The ability of yeast to survive in harsh environmental conditions was analyzed in Petri dishes for three characteristics: temperature, pH, and salinity. In each test, 100 µL of live yeast cells (5 × 108 cells per mL) were inoculated into a YPD medium (10 g yeast extract, 20 g peptone, 20 g glucose, 20 g agar per 1 L distilled water; pH 6.0 ± 0.2) and incubated for 72 h. To assess the effect of temperature on yeast growth, they were incubated at 4, 14, 20, 24, 28, 30, 32, 35, and 37 °C. To determine the effect of pH on the growth of the tested yeasts, tests were carried out at pH 4, 5, 6, 7, 9, and 11 at 28 °C. Different salt concentrations were used to determine the effect of salinity: 0, 2, 4, 6, 8, 10, 12, and 14% NaCl, and the dishes were incubated at 28 °C. Each experiment was carried out in triplicate.

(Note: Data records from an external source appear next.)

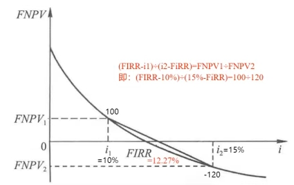 一正一负财务净现值,对应两个折现率;那么FIRR一定处于这两个折现率之间,而且FIRR值更靠近财务净现值绝对值小的折现率。
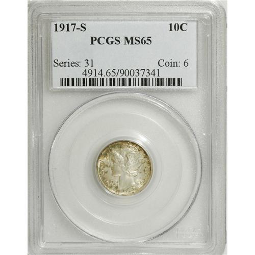 <B>1917-S 10C MS65 PCGS.</B></I> PCGS Population (37/11). NGC Census: (51/16). Mintage: 27,330,000. Numismedia Wsl. Price: $290. (#4914)<BR><BR><b>Shipping:</b> Coins & Currency (<a target="_blank" href="http://www.heritageauctions.com/common/shipping.php">view shipping information</a>)
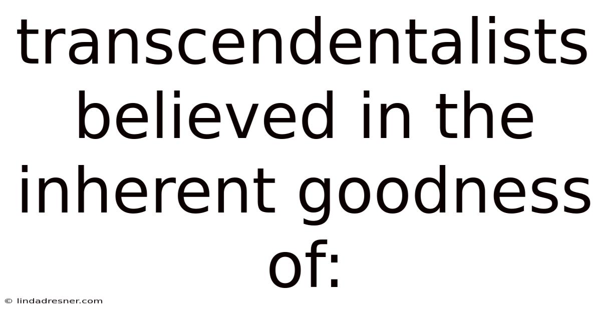 At the core of Transcendentalist thought was the conviction that every person possesses an innate goodness. Worth adding: this belief was not merely philosophical; it was a call to action. Also, the Transcendentalists argued that humanity was inherently good, capable of self-improvement and moral growth. They rejected the idea that people were inherently flawed or corrupt, instead emphasizing the potential for positive change within each individual. This perspective challenged the societal norms of the time, which often emphasized conformity and material success over personal development and spiritual fulfillment Turns out it matters..
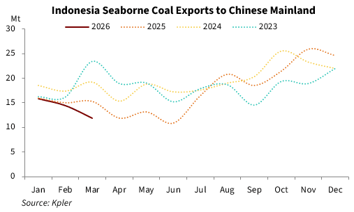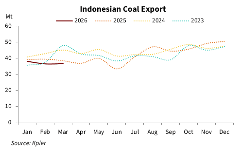 Indonesia's seaborne coal exports totaled 36.68 million tonnes in March, down 4.76% compared with March 2025, while up 0.41% from 36.53 million tonnes in February 2026, data from Kpler showed.
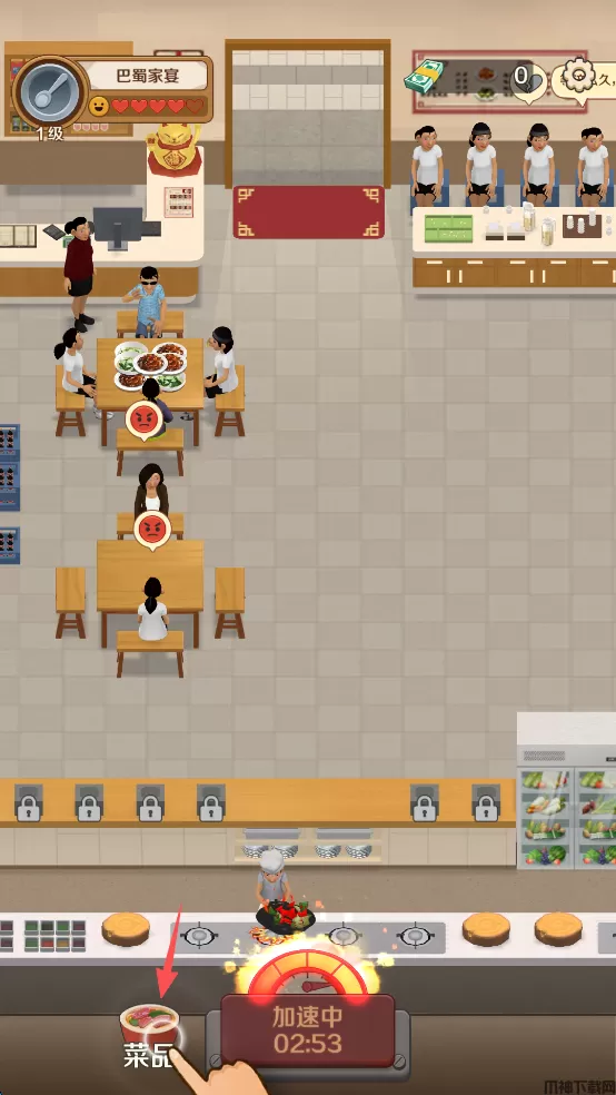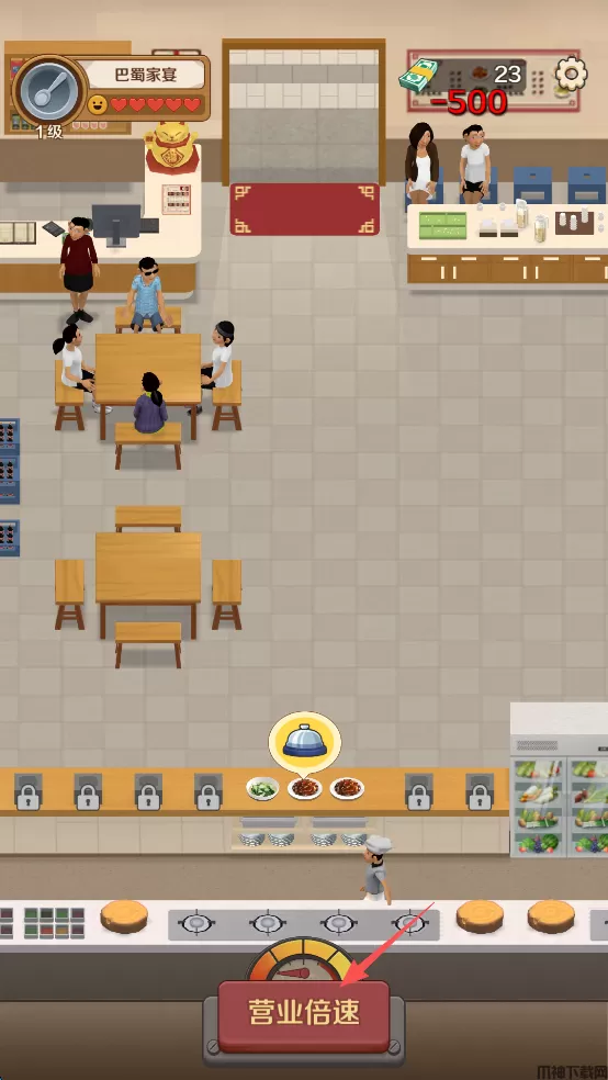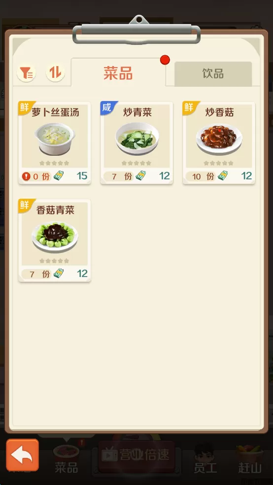 3、点击屏幕最下方的“营业倍数”,增强员工工作的积极性,更快得做菜,上菜。

4.6. Effect of Fungicides on Tested Yeast In Vitro

The impact of the selected fungicides on the growth of tested yeast strains A. pullulans PP4 and A. pullulans ZD1 was tested according to the methodology provided by Vadkertiová and Sláviková [41] with slight modifications. In the study, 3 different fungicides recommended for tomato protection were used, containing the following active substances: cupric oxychloride, azoxystrobin, and difenoconazole. In this assay, 0.5 mL of yeast inoculum (5 × 108 cells per mL) was added to tubes containing 9.5 mL of sterile YPG medium with the fungicide addition in the concentration of active ingredient recommended by the manufacturer for field treatments: cupric oxychloride 0.5%, azoxystrobin 0.05%, difenoconazole 0.02%. The control sample was a tube without fungicide inoculated in the same way. The samples were incubated at 28 °C on a rotary shaker at 150 rpm for 7 days. After this time, the biomass yields were measured and compared with the biomass production in control samples. Yeast cultures were centrifuged at 5000 rpm at 4 °C for 10 min, and the supernatant was decanted. The growth yield of the yeasts was determined as dry biomass (drying at 105 °C to constant weight). The experiment was performed in triplicate.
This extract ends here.